[openbiblio-dev] Opaque URIs - to encode or not encode?

Mon Nov 1 15:15:34 UTC 2010

In giving URIs for authors, publishers, and so on - a reference-able URI
in place of a simple literal value - we have a number of criteria:

1 - It has to be a unique URI, specific not only to a given literal
instance, but within a record.

2 - It has to be as globally unique as possible, as the URI provides a
hook on which services like sameas.org can function.

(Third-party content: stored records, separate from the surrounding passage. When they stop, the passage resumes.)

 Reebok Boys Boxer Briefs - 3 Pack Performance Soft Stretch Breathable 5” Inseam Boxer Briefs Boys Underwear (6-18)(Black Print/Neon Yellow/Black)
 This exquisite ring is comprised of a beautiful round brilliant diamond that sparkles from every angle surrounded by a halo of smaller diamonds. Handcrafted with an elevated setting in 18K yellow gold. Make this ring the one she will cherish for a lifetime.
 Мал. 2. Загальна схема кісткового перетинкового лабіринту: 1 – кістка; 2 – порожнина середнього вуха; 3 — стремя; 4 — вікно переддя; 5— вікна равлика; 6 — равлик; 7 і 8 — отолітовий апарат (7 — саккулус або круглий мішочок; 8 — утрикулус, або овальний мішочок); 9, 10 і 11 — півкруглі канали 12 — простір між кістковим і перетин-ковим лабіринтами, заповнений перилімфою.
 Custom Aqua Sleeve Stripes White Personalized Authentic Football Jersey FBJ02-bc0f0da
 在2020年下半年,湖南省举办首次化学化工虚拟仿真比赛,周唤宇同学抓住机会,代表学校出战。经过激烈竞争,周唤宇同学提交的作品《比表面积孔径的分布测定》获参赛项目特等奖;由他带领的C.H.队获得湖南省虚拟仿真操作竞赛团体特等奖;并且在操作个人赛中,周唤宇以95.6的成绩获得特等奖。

3 - The conjured ID should also be a valid URI - which places
limitations on character composition so that it is 'url safe' and so on.

------------

Possiblities then:

- Claim a URI prefix and have an auto-incrementing id generated for any
literal value or node you wish to reference. Eg:

_:Book a bibo:Book
   dcterms:creator  [ rdf:value "John S Smythe"] .

-- to ->

@prefix myprefix: <http://host/literals/>

_:Book a bibo:Book
   dcterms:creator myprefix:102 .

myprefix:102 a foaf:Person
   foaf:name "John S Smythe" .

Pros:
 Nicer looking URIs
 Easier URIs to copy and paste

Cons:
- Every source that does this has to mint their own prefix, as well as
making sure that the URIs dereference in some manner. Using an info:
based prefix might avoid this if resources are tight.

- Possibility of collisions unless the handing out of ids are handled
properly, for example using a Redis's INCR function, or Flickr's notable
use of a MySQL-specific SQL command [*]

- Unfounded attribution of significance to the literal number.

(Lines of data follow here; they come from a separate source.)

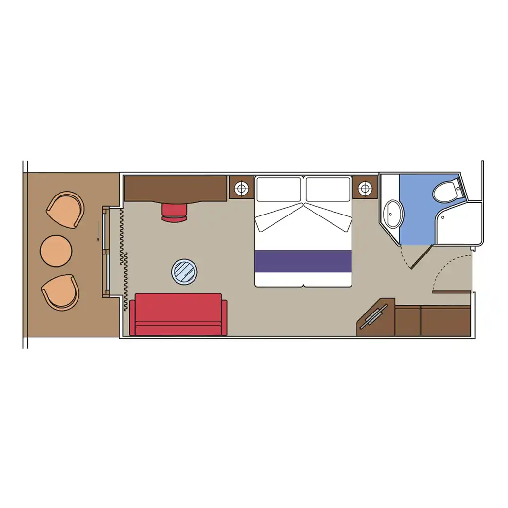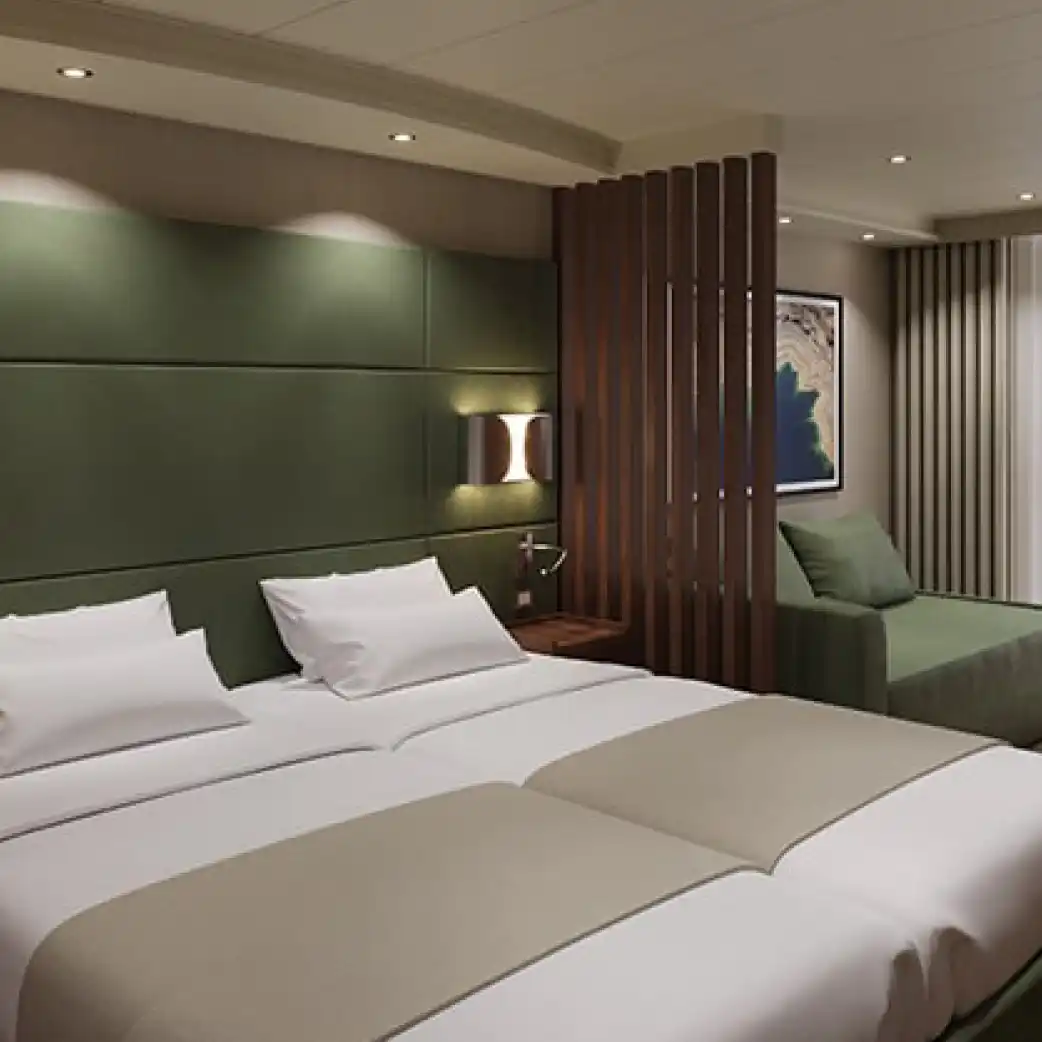 Elige entre una amplia variedad de elegantes alojamientos, que incluyen suites, camarotes con balcón con vistas al mar e incluso camarotes con balcón comunicados para familias.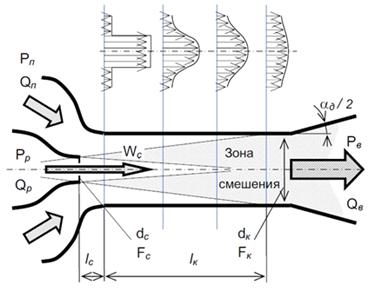 жидкость). Поток, вступающий в процесс смешения с большей скоростью, называется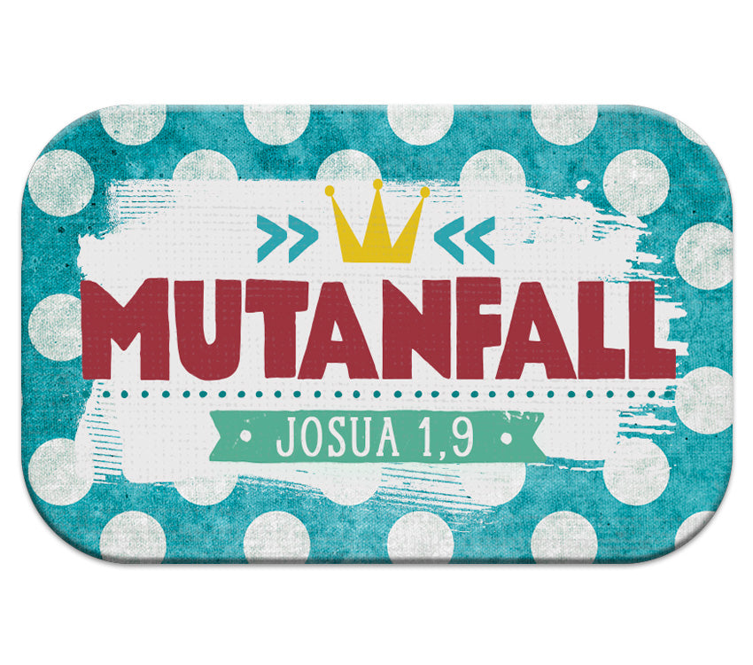 Der Magnet und ein farbiges Kärtchen mit Bibelzitat auf der Rückseite sind zusammen in einer Folie verpackt.

- Very difficult to re-run the process over a portion of data and get
the same numbers that were generated on a first pass.

* -
http://code.flickr.com/blog/2010/02/08/ticket-servers-distributed-unique-primary-keys-on-the-cheap/

Summary - Good for a single pass over a dataset, fast and as reliable as
your chosen ticket/id server.

UUID(4 or 5) ids:

previous example -- to -->

_:Book a bibo:Book
   dcterms:creator <urn:uuid:63e8fa91..........> .

<urn:uuid:63e8fa91..........> a foaf:Person
   foaf:name "John S Smythe" .

Pros:
  Easy to generate
  Given a sufficient source of entropy, the UUIDs can be generated
independently and are very, very unlikely to collide.
  UUIDs from distributed systems can be aggregated with little fear of
collision - a collision would imply that the URIs are actually from the
same original source.

Cons:
  Very large size - a size which gives them the ability to avoid random
collision also makes them difficult to use (from a human perspective)
  Etc etc